In this month’s podcast, Betsy Brey, Pierson Browne and Chris Lawrence discussed pervasive cultural anxieties that manifest in games set in outer space. Often, these anxieties produce logics of capitalist control. No Man’s Sky tasks players with collecting everything under the sky, nevermind whose exactly. Stellaris is about building and then managing the increasing size and complexity of one’s empire, while wrestling control of territory from other empires for galactic domination. When social interaction does occur in these games, it is directed by the logics of trade and acquisition. With their imperatives to colonize, harvest, and exploit, these sorts of games usually enjoin players to become despots. That said, there’s no denying how fun it can be to command and conquer; to paint the map in one’s chosen colour, to revel in the revealed dimensions of one’s burgeoning empire. Mel Brooks said it best: it’s good to be the king. Sometimes at least. This month, we talk about how recognizing these mechanics can offer ironic ways of engaging with and reading against them.
Indeed, game scholars have recognized the capacity for virtual worlds to syncretize diverse phenomena in games.
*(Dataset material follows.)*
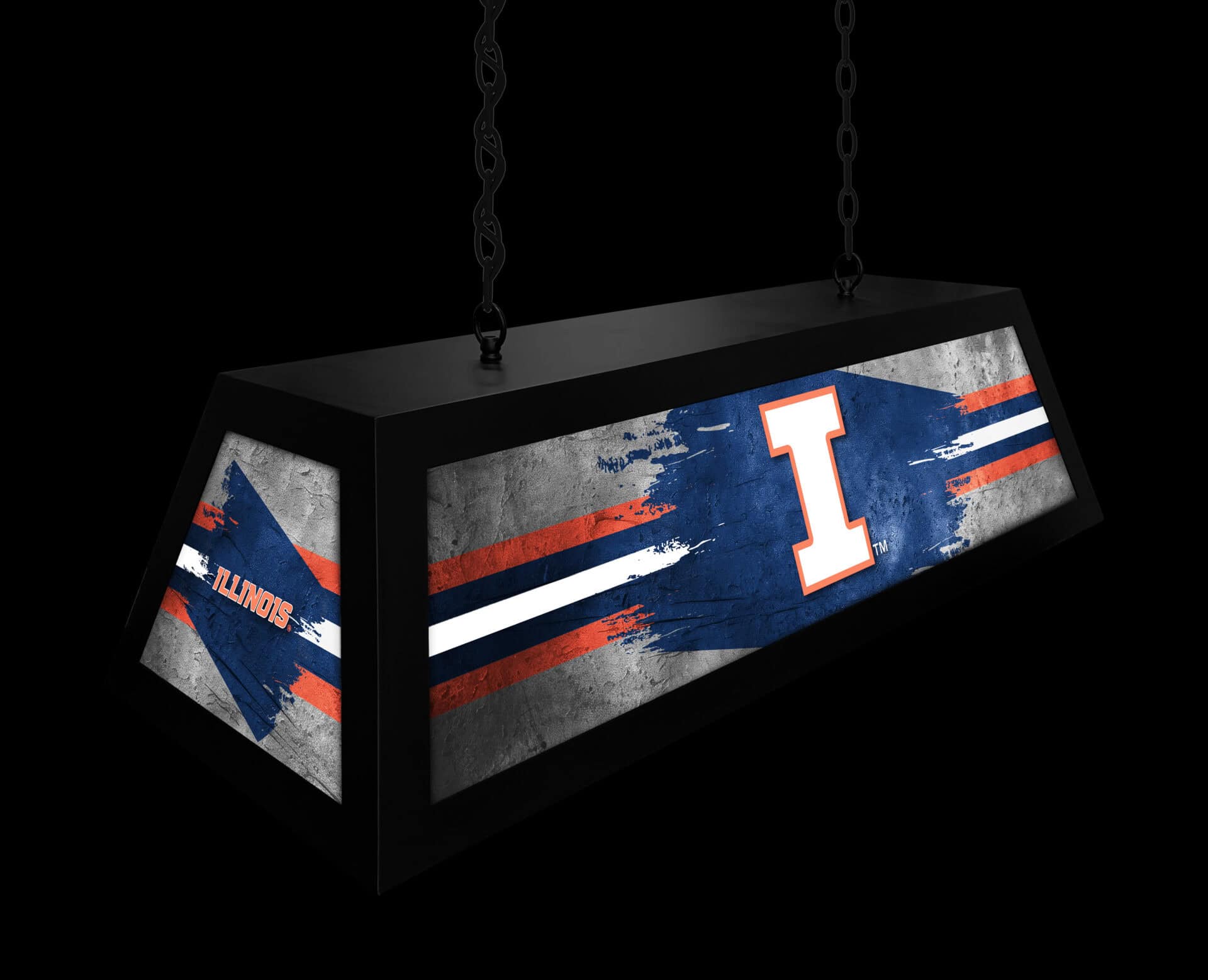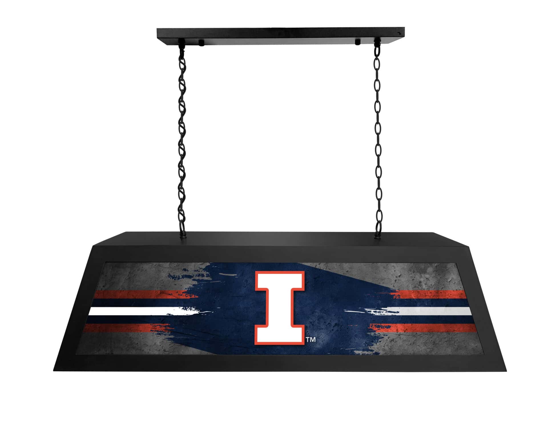 Light up your game room with this University of Illinois Long Box Billiard Light! This suspended light fixture combines a metal frame construction with a bright backlit design. Perfect for billiard tables, game tables, and bars. It provides excellent illumination and adds a touch of team spirit to any space. The vibrant graphics and durable construction ensure long-lasting enjoyment.

In “Synthetic Worlds as Experimental Instruments”, for example, Edward Castronova et al. argue “that synthetic worlds would be very useful for social scientific experiments” (273, emphasis in original). Their thinking is that virtual worlds offer controlled environments for isolating phenomena to better observe them. For instance, virtual worlds offer the potential to simulate the interactions of macro-level social phenomena, like cooperation, competition and social aggression.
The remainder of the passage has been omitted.